Saturday, April 05, 2008

More on Yoo Two by Scott Horton (Harper's Magazine)

Lawyer Scott Horton in Harper's Magazine writes very extensively on "Yoo Two". Here's just a little, it's well worth a read.

"According to the official narrative, the Bush Administration turned to the Justice Department for legal guidance on what could be done to give interrogators the latitude they were demanding in dealing with prisoners taken in the war on terror. However, not a single element of the official narrative is entirely true. The interrogators were not ‘pushing for broader authority.’ Indeed, the pushing was all coming out of the White House (from Vice President Cheney, to be specific), and the intelligence professionals were actually pushing back. Moreover, torture was being used almost from the start of the ‘war on terror.’ Special operations units operating under the authority of Dr. Stephen Cambone, the Under Secretary of Defense for Intelligence, had been authorized to use torture techniques from the opening of the war, and they used them with gusto. At Guantánamo and at Bagram Air Base in Afghanistan, numerous instances of ‘highly coercive techniques’ had been documented; indeed, the stories out of Bagram are among the most gruesome to be documented. In the documentary ‘Taxi to the Dark Side,’ for instance (for which I consulted and in which I appear), we find footage of a senior U.S. officer in Afghanistan talking about the authority for torture, which was issued, and which military personnel were instructed to lie about or deny to keep covered up."
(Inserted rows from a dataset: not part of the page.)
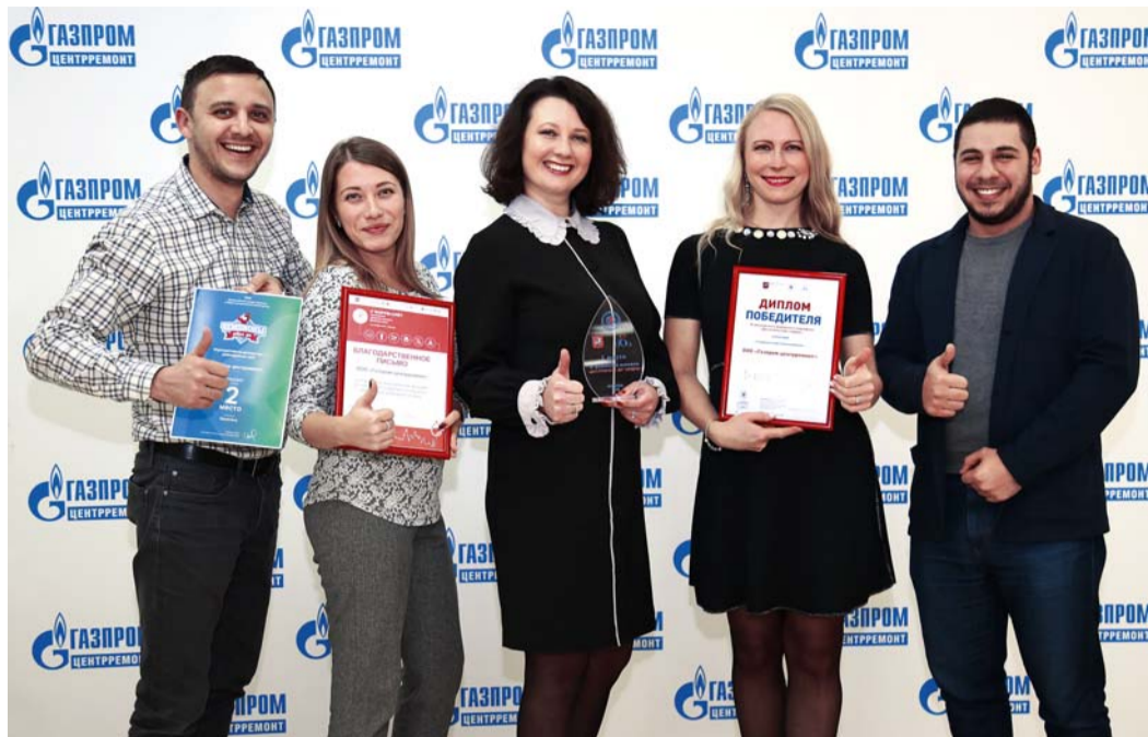
Организаторы донорского движения – сотрудники службы по связям с общественностью и СМИ

По итогам III Московского донорского марафона «Достучаться до сердец» компания «Газпром центрремонт» стала победителем
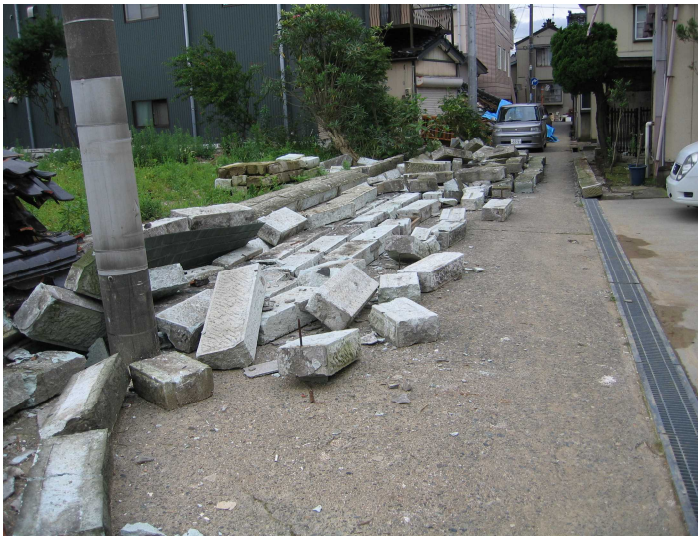
地震により石塀が倒壊（道路をふさぐ）
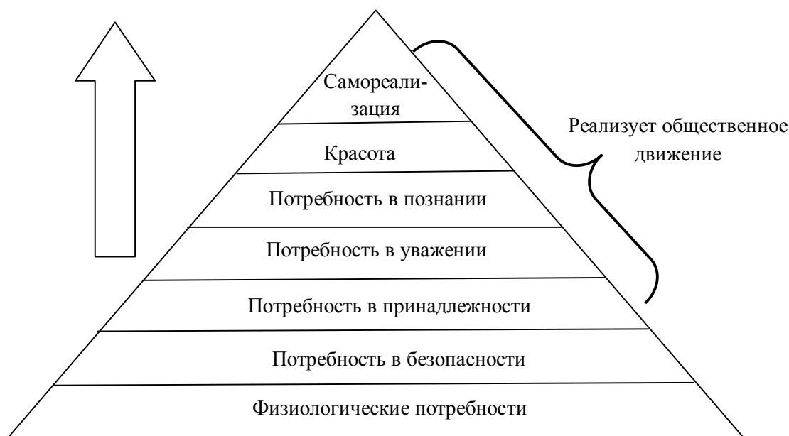
Рисунок 2 Связь пирамиды потребностей Маслоу с реализацией потребностей Общественным движением (предложено авторами)

Для успешной и слаженной работы, результатом которой станет не только достижение поставленных движением целей, но и удовлетворение столь многих потребностей общества, в обязательном порядке необходимо наличие четкой структуры.

"Yoo Two also furnishes us a lesson in how the Bush Administration wields “secret” classifications. The idea that a legal memorandum by OLC could be classified as “secret” and withheld on that basis is astonishing. When this point was raised previously, it produced speculation that the memo must as written be tied to specific facts which are highly classified and cannot be disclosed. When Yoo Two was declassified and released, we see that not a single word of the document was blacked out or excised. And indeed, there was no basis whatsoever for the classification to start with, not even a figleaf. So why has a legal policy statement been classified and withheld for five years? The answer to that question is now clear. The memorandum would have produced reactions of ridicule and outrage from throughout the professional community—as indeed it has."